Sheryl war Schottin, ihr Mann auch. Beide arbeiteten seit eineinhalb Jahren bei einer Firma in München Bogenhausen mit international gemischter Belegschaft. Sie hatten sich gut eingelebt im nördlichen Münchner Umland, genauer gesagt in Mintraching Grüneck. Dem kleinen Mintraching, das sich fast nahtlos im Osten an Eching anschloss, nicht dem größeren weiter östlich zwischen Regensburg und Wörth an der Donau. Das gemietete Haus hatten sie für die vorgegebenen Jahre ihres Aufenthalts nach ihrem Geschmack und ihren Bedürfnissen folgend eingerichtet. Ihr Heim lag in erster Reihe am Hirtenweg, nach Westen hin direkt am Acker, dessen jahreszeitliche Entwicklung zu beobachten beide genossen. Sie genossen die verhältnismäßig kurzen Entfernungen zu ihrem Arbeitsplatz und zum Flughafen Franz-Josef-Strauß. Beide Strecken waren in etwa gleich lang, so dass auch ab und zu ein Wochenendflug nach Edinburgh, der schottischen Hauptstadt leicht zu bewerkstelligen war. Sheryl fiel der Aufenthalt auf dem Kontinent leichter als John, dem es ebenfalls schwerfiel, im Deutschkurs, der vom Arbeitgeber bezahlt wurde, mit seiner Frau Schritt zu halten.

Adventszeit.
„Wo treffen wir uns heute Abend?“
Sheryl war etwas aufgeregt. Sie hatte den vorweihnachtlichen Mädelsabend organisiert, musste nun ihren Kolleginnen Rede und Antwort stehen. Zusätzlich zu den spannenden Fragen, ob sie das richtige Lokal ausgesucht hatte, ob die Anfahrt und die Abfahrt ihrer Kolleginnen aus England und Wales bequem mit dem öffentlichen Nahverkehr zu bewältigen war, und anderer Dinge mehr. Sie hatte die Location als Überraschung geplant, man war übereingekommen, dass das Ziel des Abends erst am selben Tag preisgegeben würde. Sheryl hatte nur verraten, dass sie ein gemütliches Ambiente erwartete, das legere Kleidung vertrug. Und, dass es nicht ganz billig wäre. Aber wo war es da schon zur Saison der Weihnachtsfeiern?!
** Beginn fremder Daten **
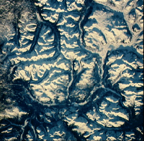 is an excellent example of mountains on Earth. This space shuttle image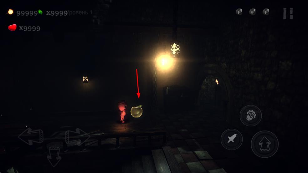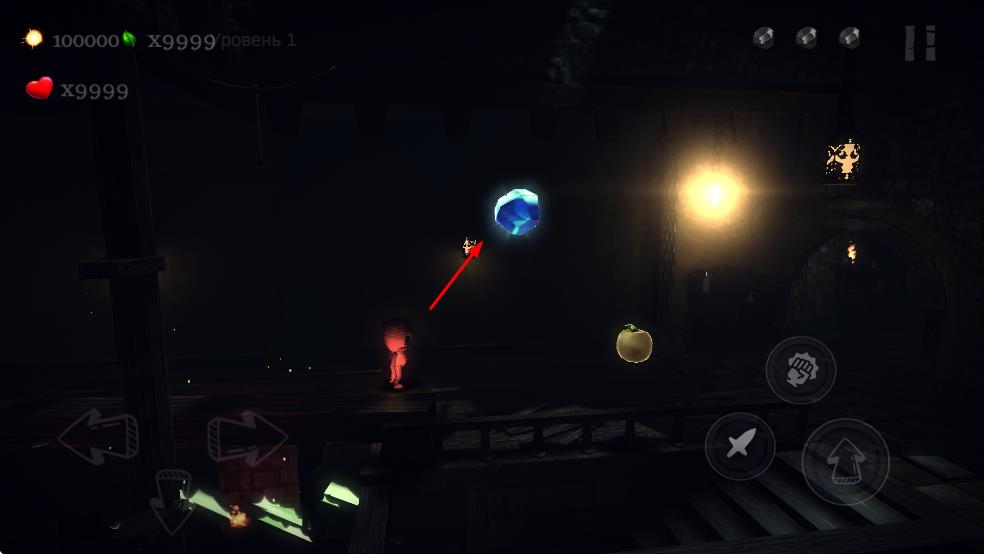 2、拾取苹果、蓝水晶等道具,提升角色状态如能量、等级。

„Mach dir keine Gedanken! Wir fahren gemeinsam mit der U6 bis Garching Hochbrück, mit dem Bus über Oberschleißheim und steigen an der Bundesstraße 471 vor Dachau aus. Das Restaurant liegt ‚in the middle of nowhere‘.“
Sie kicherte.
„Ich habe reserviert im Panamericana. Im Restaurant ‚Grill Rodizio Panamericana‘.“ Der Zusatz schien ihr notwendig, Jane und Maude hatten in ihrem Unwissen ebenso die Brauen hochgezogen wie Dagmar, die einzige Nichtbritin im Quartett. Ihretwegen ‚und zum Üben‘, wie sich Sheryl eingestand, hatte sie deutsch gesprochen. Es klang immer noch ein wenig holprig, aber alle hatten verstanden. Sie war stolz auf ihre Wahl und hoffte, dass die anderen ihre Begeisterung teilen würden.
„John kommt später, wenn kein Bus mehr fährt. Maude, für dich ist die S-Bahn ab Oberschleißheim bequemer, wir lassen dich an der S-Bahnstation ´raus.“

Es wurde ein schöner Abend. Sheryl hat eine gute Wahl getroffen. Die vier waren schon begeistert, als sie direkt neben dem weißen amerikanischen Straßenkreuzer aus dem Bus stiegen. Schade nur, dass sich der Dodge-Klassiker aus den frühen 60er Jahren ein einem erbarmungswürdigen Zustand befand – der Nieselregen bemühte sich vergeblich um eine Retusche der optischen Mängel -, und dass der Vorderwagen so hoch stand, weil das typische wuchtige Triebwerk unter der Haube fehlte. Dagmar war das als erster aufgefallen. Mit einem Schulterzucken erklärten die vier die Schäden für irrelevant, und mit neugierigen Blicken auf die Ausstattung des jetzt verwaisten Gartenrestaurants mit Holzpavillon und Hollywoodschaukel marschierten sie auf das dunkle Blockhaus zu.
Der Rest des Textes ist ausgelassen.